To quote Dirty Harry, "Are you feeling lucky...?"

Magic Lantern ( https://magiclantern.fm/ ) allows focus peaking. I have never tried ML for fear of bricking my camera body, but many people have had luck with it.

On a second thought, I doubt Canon would do ibis which would compete with its in lens IS.

Your observations make me give a second thought to a ts lens. I have avoided them for the same reasons you state.

Scott


----------



## Sporgon (May 21, 2018)

I don't want to rain on this focus peaking fun fest, but from my experience it is excellent when the tolerable dof is genuinely very shallow - such as macro or the eyelashes in a tight portrait at f/1.4. But other critical applications when the acceptable dof is deeper I found it pretty useless, lacking the critical accuracy.


----------



## pj1974 (May 22, 2018)

Sporgon said:


> I don't want to rain on this focus peaking fun fest, but from my experience it is excellent when the tolerable dof is genuinely very shallow - such as macro or the eyelashes in a tight portrait at f/1.4. But other critical applications when the acceptable dof is deeper I found it pretty useless, lacking the critical accuracy.

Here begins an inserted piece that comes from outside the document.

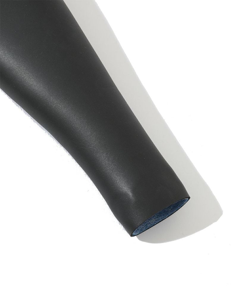 着用中のストレスを軽減する、軽量な2mmソフトラバーを採用。肌面には伸縮性抜群のポリエステル中空糸をラミネートし、マカロニ状の繊維内部にデッドエアーを溜めこむことで保温性も確保。倉敷市児島発のデニムメーカー・ジャパンブルーに別注して染色した、機能性抜群のオリジナルマテリアルです。また、表スキンの面積をより多く確保できるカッティングを採用。気化熱による体温の低下を軽減し、まるで吸い付くようにしなやかな着心地を実現しました。

I am following this threat with interest, as I have recently bought a Canon M5 (2nd hand, great deal with a few lenses). I appreciate (and enjoy) using the M5's focus peaking feature - (which is my only camera to have focus peaking). I also have a Canon 80D, and some older Canon DSLRs, but none of these have focus peaking. I particularly like to use focus peaking with my Samyang 12mm f/2 lens [during the daytime]. (Side note, the Samyang 12mm f/2 one of the major reasons I bought the camera - that lens is great for astro-photography).

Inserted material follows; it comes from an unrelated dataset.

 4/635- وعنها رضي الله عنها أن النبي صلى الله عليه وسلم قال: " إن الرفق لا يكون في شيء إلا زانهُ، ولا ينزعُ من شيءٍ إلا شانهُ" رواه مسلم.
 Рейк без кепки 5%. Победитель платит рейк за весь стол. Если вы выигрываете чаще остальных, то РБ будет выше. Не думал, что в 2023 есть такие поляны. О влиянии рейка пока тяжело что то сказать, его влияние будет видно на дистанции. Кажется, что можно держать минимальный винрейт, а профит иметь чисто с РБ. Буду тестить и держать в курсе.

Therefore I am curious to read the above post by Sporgon, (Hi!) who wrote that focus peaking is more useful in (his) experience when it is used with narrow depth of field applications... (e.g. macro and portraits whereas when wider applications it is not so useful). 

To ensure I understand this... *do you mean that when the depth of field is wider, the 'in focus' displayed by the coloured focus peaking is too wide (i.e. extends from nearby to quite far "into" the composition), and therefore it is too easy to miss the critical focus point?*

With a 12mm lens, even at f/2 - unless an object/subject is very close, much of the scene will be in (acceptably) sharp focus. However I still find focus peaking helps to arrange the 'middle' of the "in-focus spread" approximately 1/3 (one-third) into the scene (as far as 'depth' goes). This translates to a decent depth of field.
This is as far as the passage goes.